A p38 MAPK-ROS axis fuels proliferation stress and DNA damage during CRISPR-Cas9 gene editing in hematopoietic stem and progenitor cells

Authors:
Della Volpe L, Midena F, Vacca R, Tavella T, Alessandrini L, Farina G, Brandas C, Lo Furno E, Giannetti K, Carsana E, Naldini MM, Barcella M, Ferrari S, Beretta S, Santoro A, Porcellini S, Varesi A, Gilioli D, Conti A, Merelli I, Gentner B, Villa A, Naldini L, Di Micco R.
In:
Source: Cell Rep Med
Publication Date: (2024)
Issue: 5(11): 101823
Research Area:
Cancer Research/Cell Biology
Immunotherapy / Hematology
Gene Expression
Basic Research
Molecular Biology
Regenerative medicine
Drug Discovery
Cells used in publication:
CD34+ cell, human
Species: human
Tissue Origin: blood
Platform:
4D-Nucleofector® X-Unit
Experiment

Primary cell cultures
CD34+ HSPCs were either freshly purified from human CB after obtaining informed consent and upon approval by the San Raffaele Hospital ethical committee (TIGET09) or purchased frozen from Lonza. After thawing, HSPCs were seeded at the concentration of 5 x 10^5 cells/mL in serum-free StemSpan SFEM medium (StemCell Technologies) supplemented with 10 µM 16,16-Dimethyl Prostaglandin E2 (added only at thawing) (Cayman), L-glutamine (2mM) and Penicillin-Streptomycin (100 IU/mL penicillin, 100 mg/mL streptomycin), 1µM SR-1 (Biovision), 50nM UM171 (STEMCell Technologies), and human early-acting cytokines (SCF 100 ng/mL, Flt3-L 100 ng/mL, TPO 20 ng/mL, and IL-6 20 ng/mL; Peprotech).

Gene editing
HSPCs were edited according to a previously optimized protocol 60 after an overnight. or three days of ex vivo culture, cells were nucleofected with 2.5–1.25 µM of RNPs and electroporation enhancer (Integrated DNA Technologies) according to manufacturer’s instructions using P3 Primary Cell 4D-Nucleofector X Kit and program EO-100 (Lonza).

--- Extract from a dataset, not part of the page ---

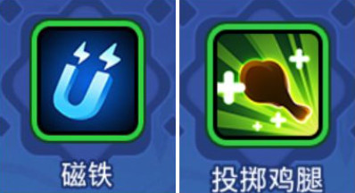 4、初始技能选择:输出推荐带磁铁,前期能够保证输出的等级发育,更早的选择技能,技能的加成至关重要,在操作相同的情况下,具有更多技能搭配的会有更大的优势,并且在作战当中能够凭借磁铁的范围吸收效果,有利于吃到击杀敌人所掉落的蘑菇;辅助推荐携带投掷鸡腿来帮助输出保持血量的安全。

Ribonucleoproteins (RNPs) were assembled by incubating for 10 min at r.t at 1:1.5 M ratio S.p. Cas9 protein (Aldevron) with synthetic gRNAs (Integrated DNA Technologies) targeting AAVS1 (high specificity) or IL2RG locus (low specificity).12 Transduction with AAV6 was performed at a dose of 1x10^4 vg/cell 15 min after electroporation.

Abstract

Ex vivo activation is a prerequisite to reaching adequate levels of gene editing by homology-directed repair (HDR) for hematopoietic stem and progenitor cell (HSPC)-based clinical applications. Here, we show that shortening culture time mitigates the p53-mediated DNA damage response to CRISPR-Cas9-induced DNA double-strand breaks, enhancing the reconstitution capacity of edited HSPCs. However, this results in lower HDR efficiency, rendering ex vivo culture necessary yet detrimental. Mechanistically, ex vivo activation triggers a multi-step process initiated by p38 mitogen-activated protein kinase (MAPK) phosphorylation, which generates mitogenic reactive oxygen species (ROS), promoting fast cell-cycle progression and subsequent proliferation-induced DNA damage. Thus, p38 inhibition before gene editing delays G1/S transition and expands transcriptionally defined HSCs, ultimately endowing edited cells with superior multi-lineage differentiation, persistence throughout serial transplantation, enhanced polyclonal repertoire, and better-preserved genome integrity. Our data identify proliferative stress as a driver of HSPC dysfunction with fundamental implications for designing more effective and safer gene correction strategies for clinical applications.